- **Problem statement**: Could you transcribe all the entries exactly, omitting the pictures?

(Data records)
>>

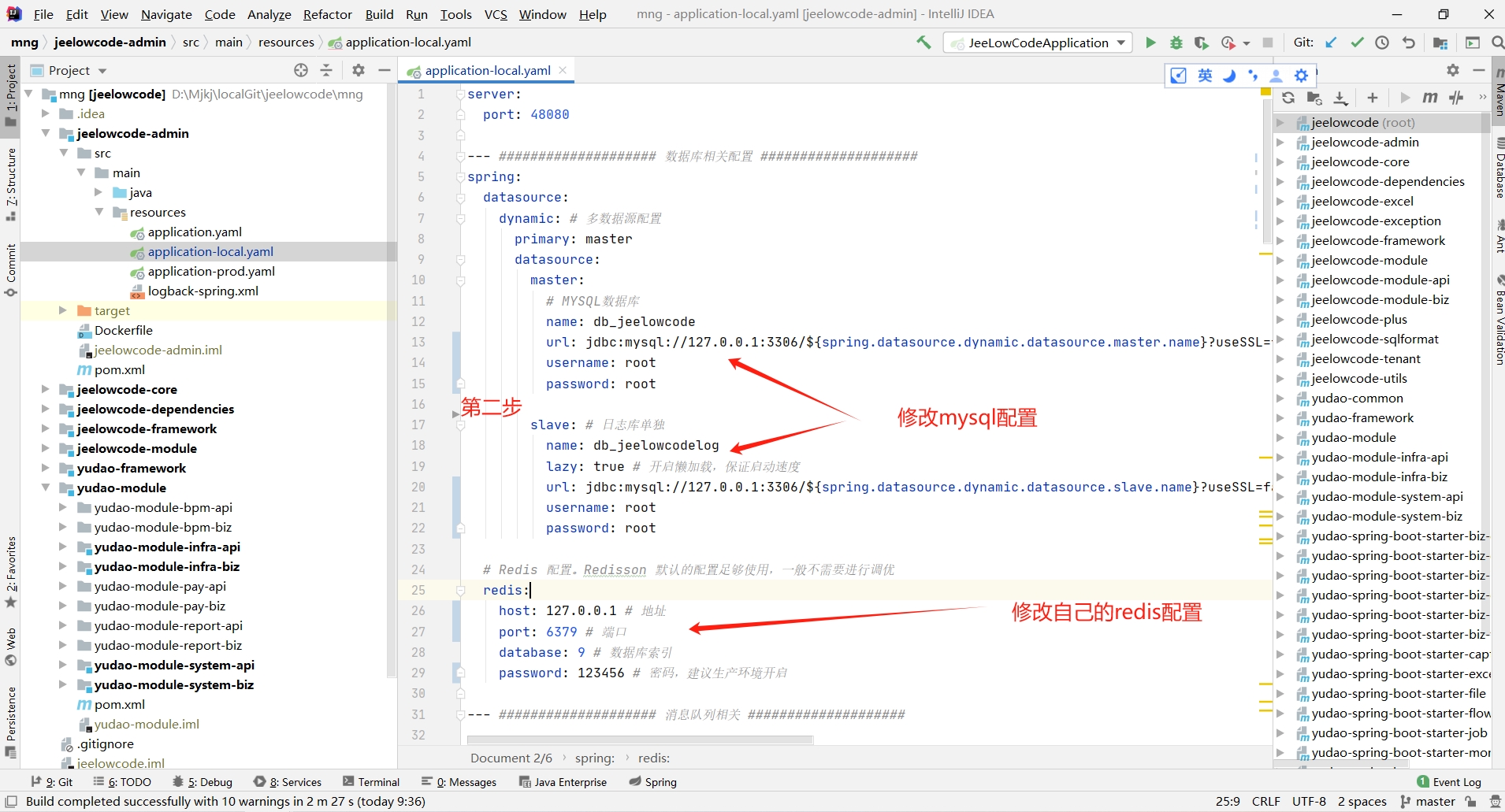 | 第二步:导入数据库文件到mysql中,并修改项目的数据库以及redis配置 |
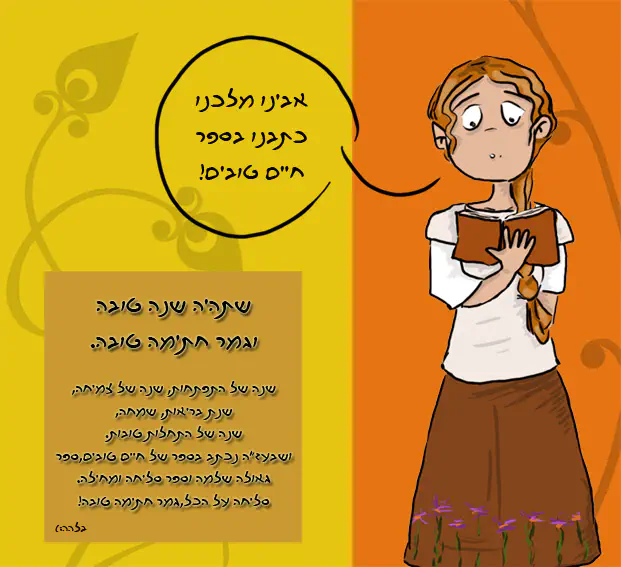 * לגבי הטקסט- כתוב פעמיים "גמר חתימה טובה". אפשר למחוק את העליון, ואז להגדיל את ה"גמר חתימה טובה" שלמטה שיהיה בגודל כמו שלמעלה, או אפשרות שנייה למחוק את ה"גמר חתימה טובה" שלמטה.
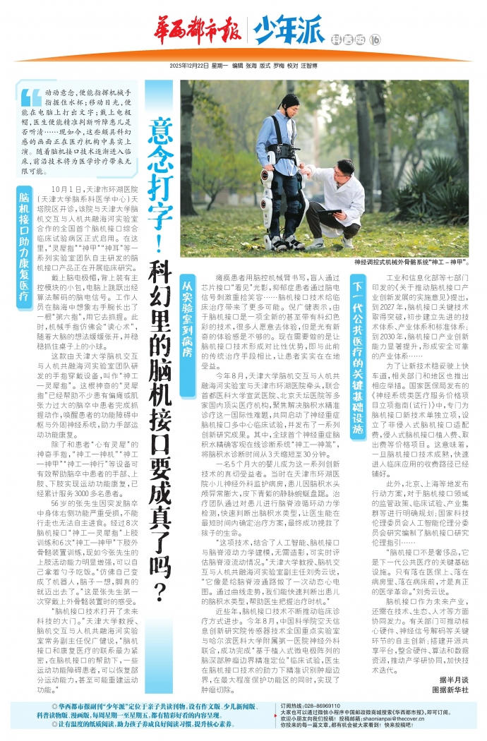 脑机接口作为未来产业,还需在技术、生态、人才等方面协同发力。有关部门可推动核心硬件、神经信号解码等关键环节的自主创新;搭建开源共享平台,整合硬件、算法和数据资源,推动产学研协同,加快技术迭代。
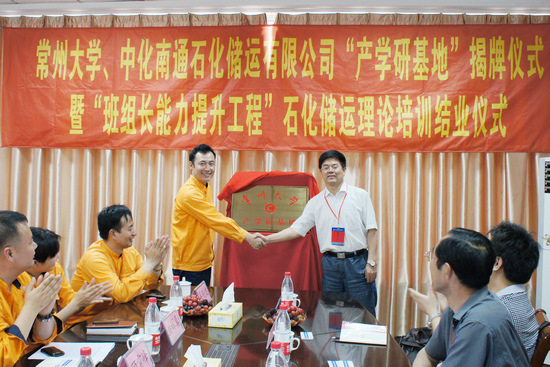 王树立院长和金勇总经理分别代表学校和中化南通石化储运有限公司签订了产学研合作协议,并为“常州大学-中化南通石化储运有限公司产学研合作基地”揭牌。
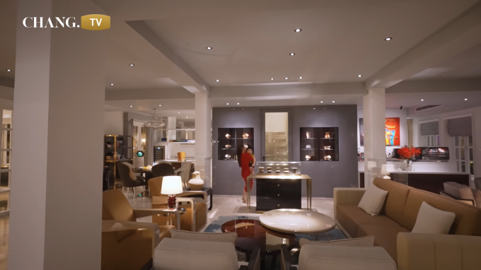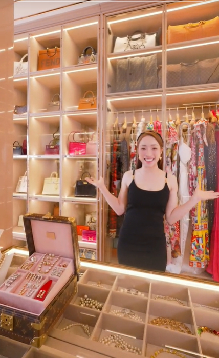 Tổng thể phòng thay đồ được lựa chọn theo tone vàng ấm cúng, sang trọng. Ánh sáng và gương được lắp đặt ở khắp nơi để trông căn phòng thêm phần lung linh hơn. Nhìn vào phòng thay đồ này, netizen phải cảm thán về độ giàu có của vợ chồng Chi Bảo. Thậm chí, nhiều người còn cho rằng, chỉ tính riêng tiền túi xách hay những món đồ mà Thuỳ Chang sở hữu có thể “sương sương” cũng đủ mua một căn nhà.
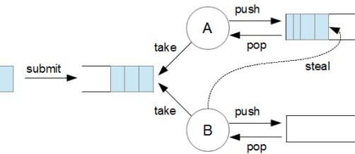 기본적으로는 ExecutorService의 구현체이지만, 다른 점은 각 thread들이 개별 큐를 가지게 되며, 다음 그림의 B처럼 자신에게 아무런 task가 없으면 A의 task를 가져와 처리하게 됨으로써 CPU자원이 놀지 않고 최적의 성능을 낼 수 있게 됩니다.
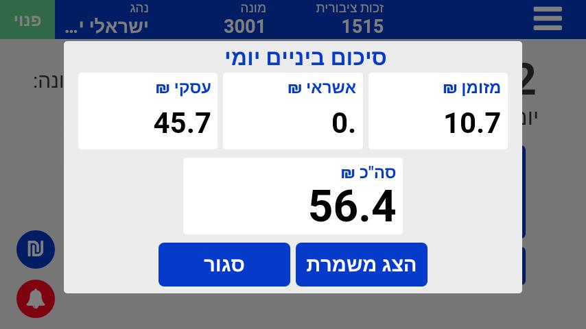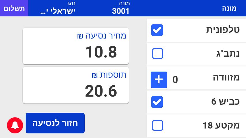 סגירת נסיעה ובחירת אופן התשלום.
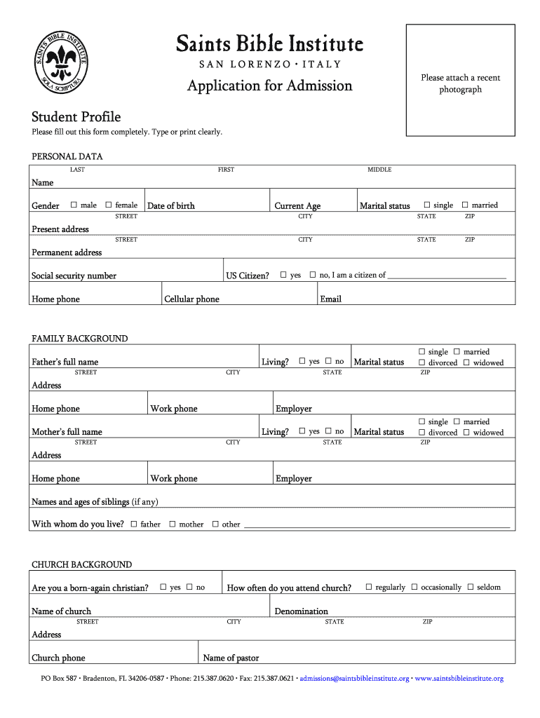 This form is used for applying for admission to the Saints Bible Institute, requiring personal details, educational background, and additional information.
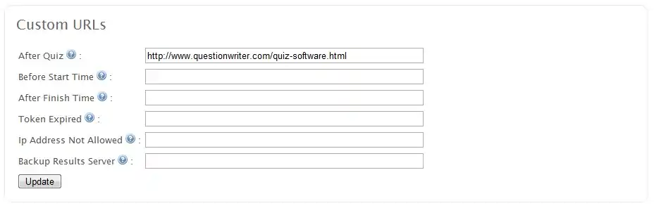 Leave the fields blank to use Question Writer Tracker's default error pages. Usually you'll want to leave the last field, the Backup Results Server blank to use the default Backup Results Server.
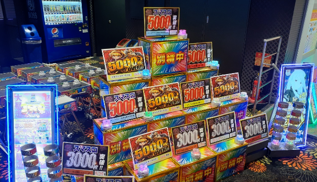 『パチスロ かぐや様は告らせたい』から+7,000枚OVERが発生し、店内の盛り上がりに貢献する形となっていた。またこれだけにとどまらず、『スロット Re:ゼロから始める異世界生活 season2』や『スマスロ ゲゲゲの鬼太郎 覚醒』『Lバキ 強くなりたくば喰らえ!!!』『スマスロ北斗の拳』『パチスロ甲鉄城のカバネリ』など多くの機種が大台突破台に続いている。遊技していたファンは凄まじい熱気を肌で感じ、同店の高い実力に酔いしれたことだろう。
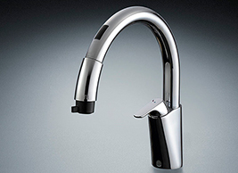 一般的な水栓より水が溜まりにくい「キレイアップ水栓」は、汚れがつきにくく拭き掃除の手間がほとんどありません。
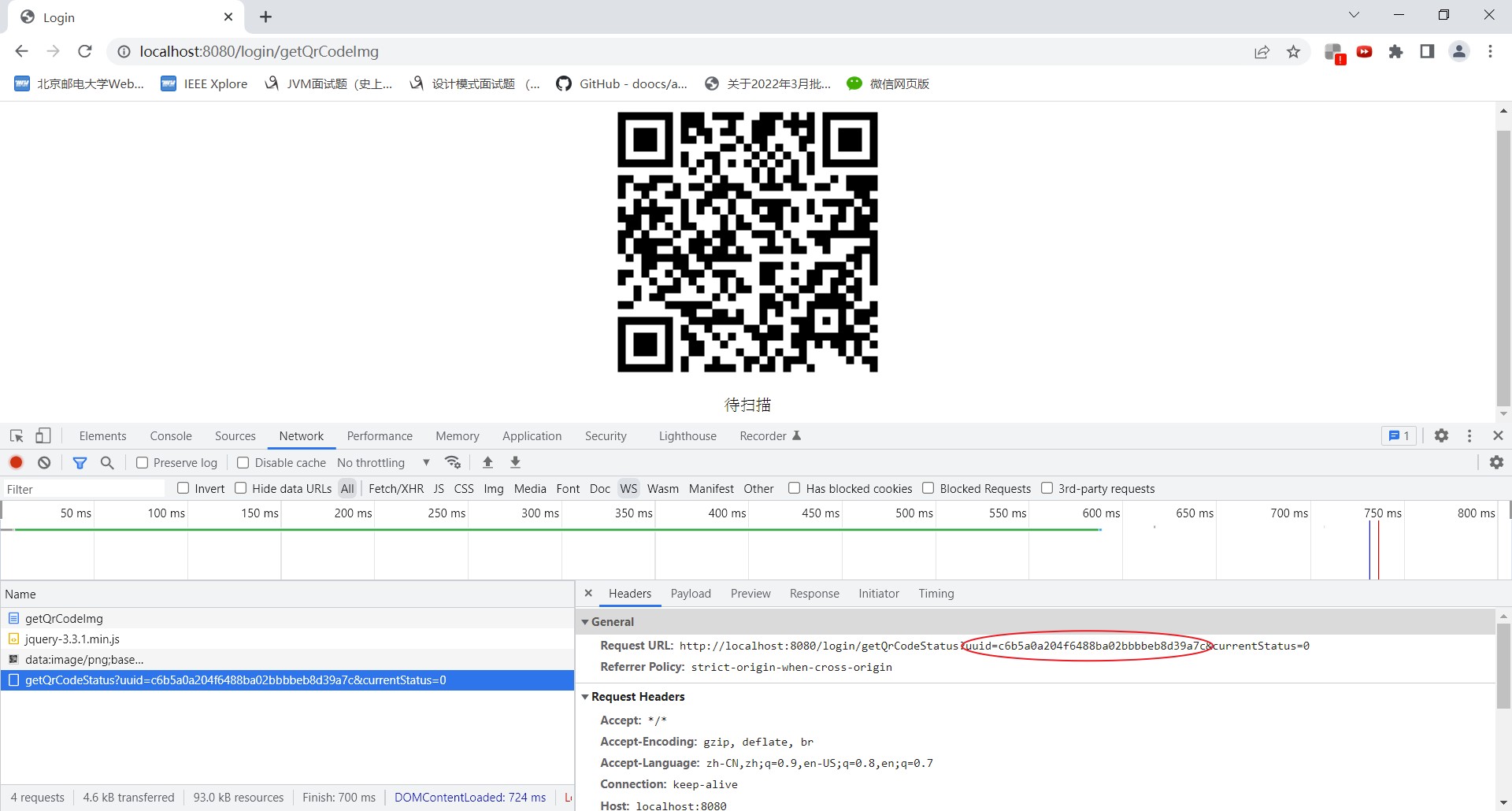 由上图我们得知,二维码中包含的其实是一个网址,手机扫描二维码后,会根据该网址向服务端发送请求。接着,我们打开 PC 端浏览器的开发者工具:
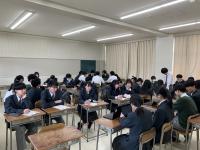 4限目に明日の共通テストに向けて激励会を行いました。弥久保校長からは自身の高校時代のお話を踏まえて、
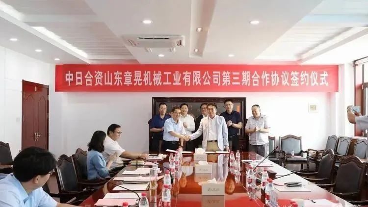 8月4日,中日合资山东章晃机械工业有限公司第三期合作协议签约仪式举行,日本大晃机械工业株式会社山根雅和专务,区领导边祥为、黄凯东,山东章鼓、山东章晃负责人参加签约。
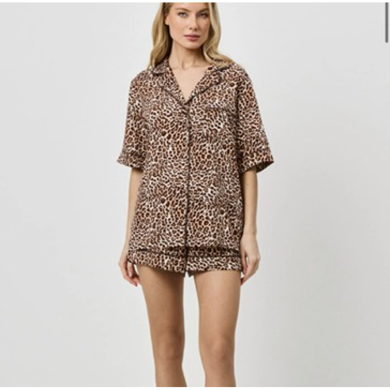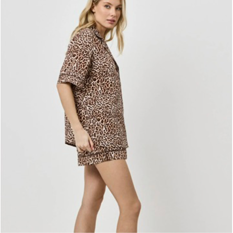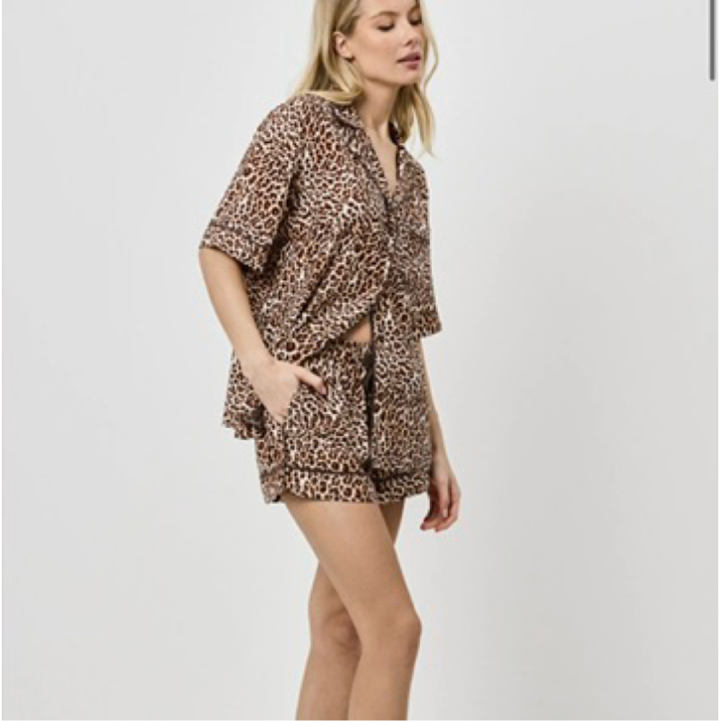 Il présente un imprimé animalier intégral dans des tons bruns chauds.
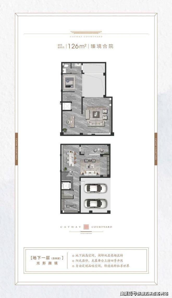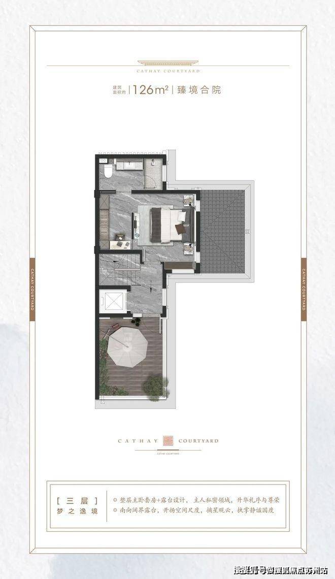 建面约126㎡的合院户型,同样适合三代同堂,或者三口之家以及高净值年轻夫妻等家庭。
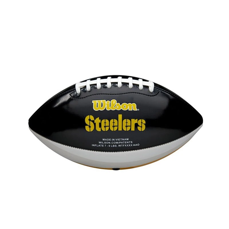 Der Wilson NFL Peewee Pittsburgh Steelers Logo Football ist ein tolles Statement um Deine Loyalität Deinem Lieblingsteam zu zeigen!

<<

- **Task solution**:
 | 第二步:导入数据库文件到mysql中,并修改项目的数据库以及redis配置 |
 * לגבי הטקסט- כתוב פעמיים "גמר חתימה טובה". אפשר למחוק את העליון, ואז להגדיל את ה"גמר חתימה טובה" שלמטה שיהיה בגודל כמו שלמעלה, או אפשרות שנייה למחוק את ה"גמר חתימה טובה" שלמטה.
 脑机接口作为未来产业,还需在技术、生态、人才等方面协同发力。有关部门可推动核心硬件、神经信号解码等关键环节的自主创新;搭建开源共享平台,整合硬件、算法和数据资源,推动产学研协同,加快技术迭代。
 王树立院长和金勇总经理分别代表学校和中化南通石化储运有限公司签订了产学研合作协议,并为“常州大学-中化南通石化储运有限公司产学研合作基地”揭牌。
 Tổng thể phòng thay đồ được lựa chọn theo tone vàng ấm cúng, sang trọng. Ánh sáng và gương được lắp đặt ở khắp nơi để trông căn phòng thêm phần lung linh hơn. Nhìn vào phòng thay đồ này, netizen phải cảm thán về độ giàu có của vợ chồng Chi Bảo. Thậm chí, nhiều người còn cho rằng, chỉ tính riêng tiền túi xách hay những món đồ mà Thuỳ Chang sở hữu có thể “sương sương” cũng đủ mua một căn nhà.
 기본적으로는 ExecutorService의 구현체이지만, 다른 점은 각 thread들이 개별 큐를 가지게 되며, 다음 그림의 B처럼 자신에게 아무런 task가 없으면 A의 task를 가져와 처리하게 됨으로써 CPU자원이 놀지 않고 최적의 성능을 낼 수 있게 됩니다.
 סגירת נסיעה ובחירת אופן התשלום.
 This form is used for applying for admission to the Saints Bible Institute, requiring personal details, educational background, and additional information.
 Leave the fields blank to use Question Writer Tracker's default error pages. Usually you'll want to leave the last field, the Backup Results Server blank to use the default Backup Results Server.
 『パチスロ かぐや様は告らせたい』から+7,000枚OVERが発生し、店内の盛り上がりに貢献する形となっていた。またこれだけにとどまらず、『スロット Re:ゼロから始める異世界生活 season2』や『スマスロ ゲゲゲの鬼太郎 覚醒』『Lバキ 強くなりたくば喰らえ!!!』『スマスロ北斗の拳』『パチスロ甲鉄城のカバネリ』など多くの機種が大台突破台に続いている。遊技していたファンは凄まじい熱気を肌で感じ、同店の高い実力に酔いしれたことだろう。
 一般的な水栓より水が溜まりにくい「キレイアップ水栓」は、汚れがつきにくく拭き掃除の手間がほとんどありません。
 由上图我们得知,二维码中包含的其实是一个网址,手机扫描二维码后,会根据该网址向服务端发送请求。接着,我们打开 PC 端浏览器的开发者工具:
 4限目に明日の共通テストに向けて激励会を行いました。弥久保校長からは自身の高校時代のお話を踏まえて、
 8月4日,中日合资山东章晃机械工业有限公司第三期合作协议签约仪式举行,日本大晃机械工业株式会社山根雅和专务,区领导边祥为、黄凯东,山东章鼓、山东章晃负责人参加签约。
 Il présente un imprimé animalier intégral dans des tons bruns chauds.
 建面约126㎡的合院户型,同样适合三代同堂,或者三口之家以及高净值年轻夫妻等家庭。
 Der Wilson NFL Peewee Pittsburgh Steelers Logo Football ist ein tolles Statement um Deine Loyalität Deinem Lieblingsteam zu zeigen!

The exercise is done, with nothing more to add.